[Information given — start]

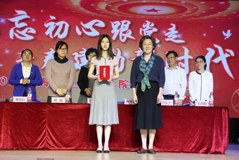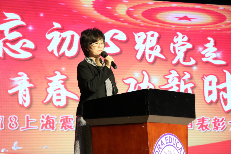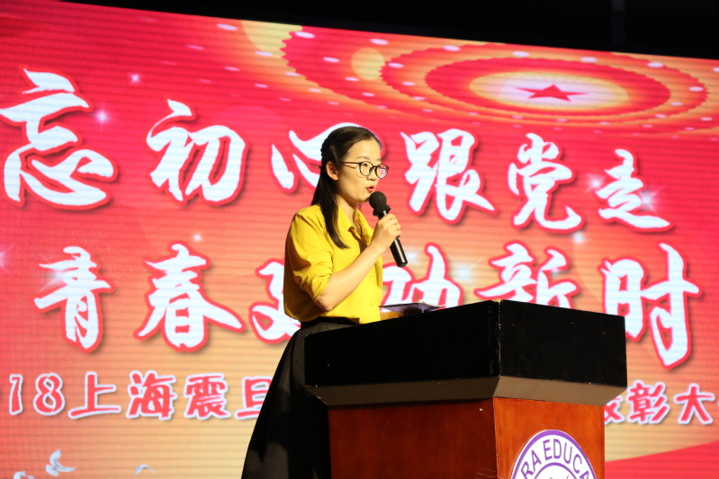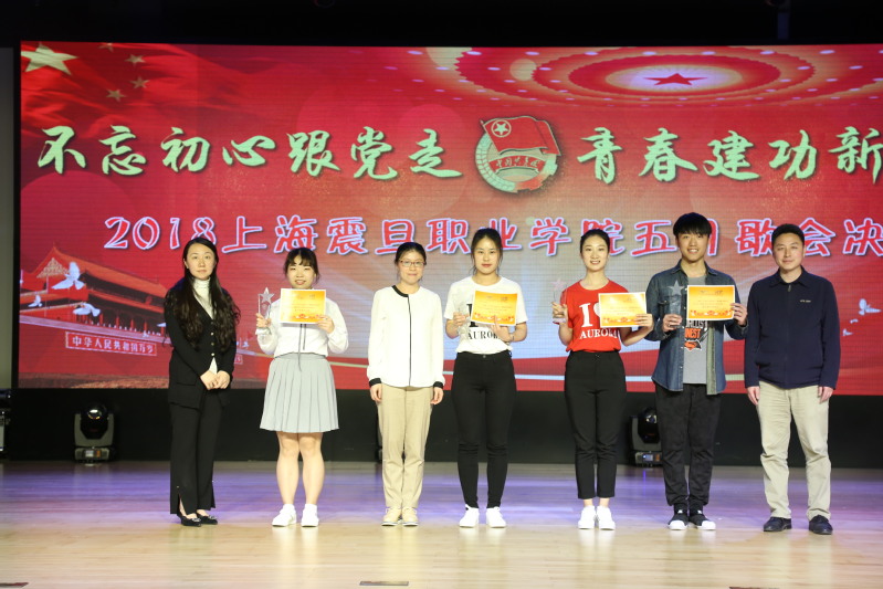 五四表彰大会初始,校团委书记曹晓莉老师宣读了《关于表彰2017-2018学年优秀团员、优秀团干部、杰出志愿者、优秀志愿者、五四红旗团支部等的决定》。今年共有139名优秀团员、100名优秀团干部、6名杰出志愿者、25名优秀志愿者、15个五四红旗团支部、29个最佳主题团日活动以及十佳社团获得表彰,各奖项获奖代表依次上台领奖,与领导老师合影留念。2017年度上海市“优秀共青团员”,来自16检测班的王艺淇同学代表此次获得表彰的先进个人发言,她提到作为当代青年大学生,我们要自立、有理想、善学习、讲道德、勇奋斗,积极响应号召,以青春之我、奋斗之我,谱写青春华章。表彰大会最后,校党委副书记夏臻老师讲话,她希望震旦青年能牢记习总书记嘱托,成为爱国、励志、求真、力行的新时代大学生,高举习近平新时代中国特色社会主义思想伟大旗帜,在青春年华时不忘初心,砥砺前行,无愧于时代,无愧于人民。
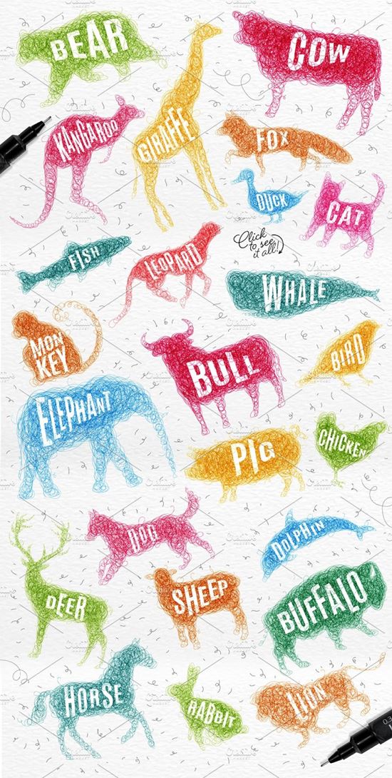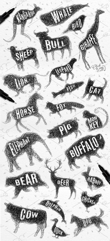 图穷联素材库 » 矢量手绘线条缠绕动物矢量插图 Animals-tangled
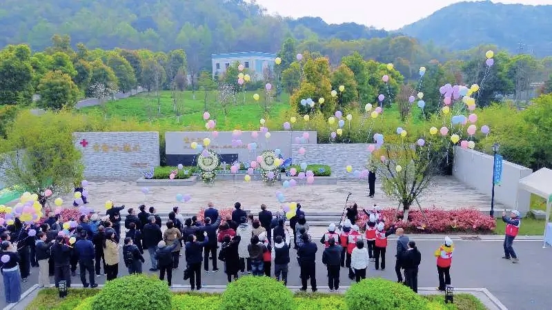 在草坪安葬区,礼仪人员按程序落葬:放置花瓣、摆放花环、撒下鲜花。每一个环节都庄重而温情,象征着生命以最自然的方式回归大地。捐献者家属代表、红十字志愿者以及医学生代表依次上前,向安葬区敬献鲜花,表达最深切的缅怀与敬意。生如夏花之绚烂,逝如秋叶之静美。陈铨标、徐张宝、丁文达、寿彩英、杨昌明、孙永江、徐江——这7位先行者,生前以爱推动人类健康事业,身后选择成为生态殡葬先行者。纵然身体归乎山林,但大爱永存人间,生生不息。(红十字会、教研科 马国庆)
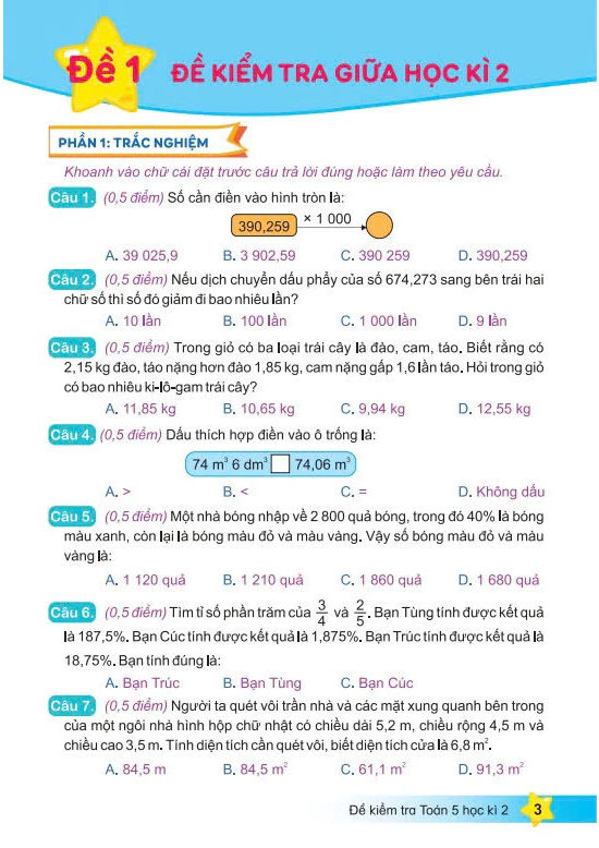 Đề Kiểm Tra Toán 5 Bộ Sách Kết Nối Tri Thức Với Cuộc Sống được biên soạn theo chương trình giáo dục phổ thông mới Bộ sách này được thiết kế phù hợp với
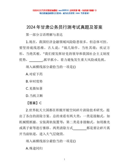/ 2024年甘肃公务员行测考试真题及答案
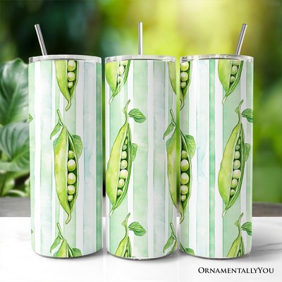 Fresh Green Pea Pod Pattern 20oz Personalized Tumbler With Lid and Stainless Steel Straw, Watercolor Garden Vegetable Gift Cup Multicolored 20 oz
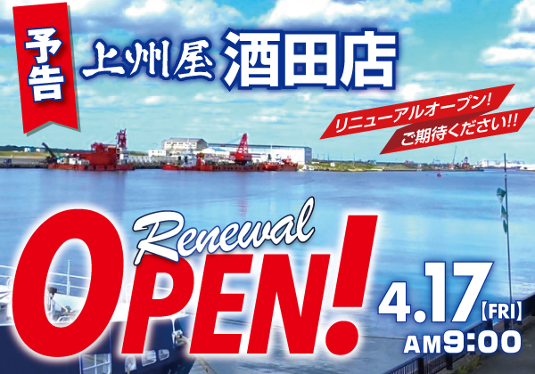 上州屋酒田店、店舗改装による4/15(水)~16(木)臨時休業および4/17(金)リニューアルオープンのお知らせ。

[Information given — finish]

== Assigned task ==
The expected output is an exact copy of the lines from the one with "Fresh Green Pea" to the final line of the entries above, pictures excepted; please include both ends.

== Task solution ==
 Fresh Green Pea Pod Pattern 20oz Personalized Tumbler With Lid and Stainless Steel Straw, Watercolor Garden Vegetable Gift Cup Multicolored 20 oz
 上州屋酒田店、店舗改装による4/15(水)~16(木)臨時休業および4/17(金)リニューアルオープンのお知らせ。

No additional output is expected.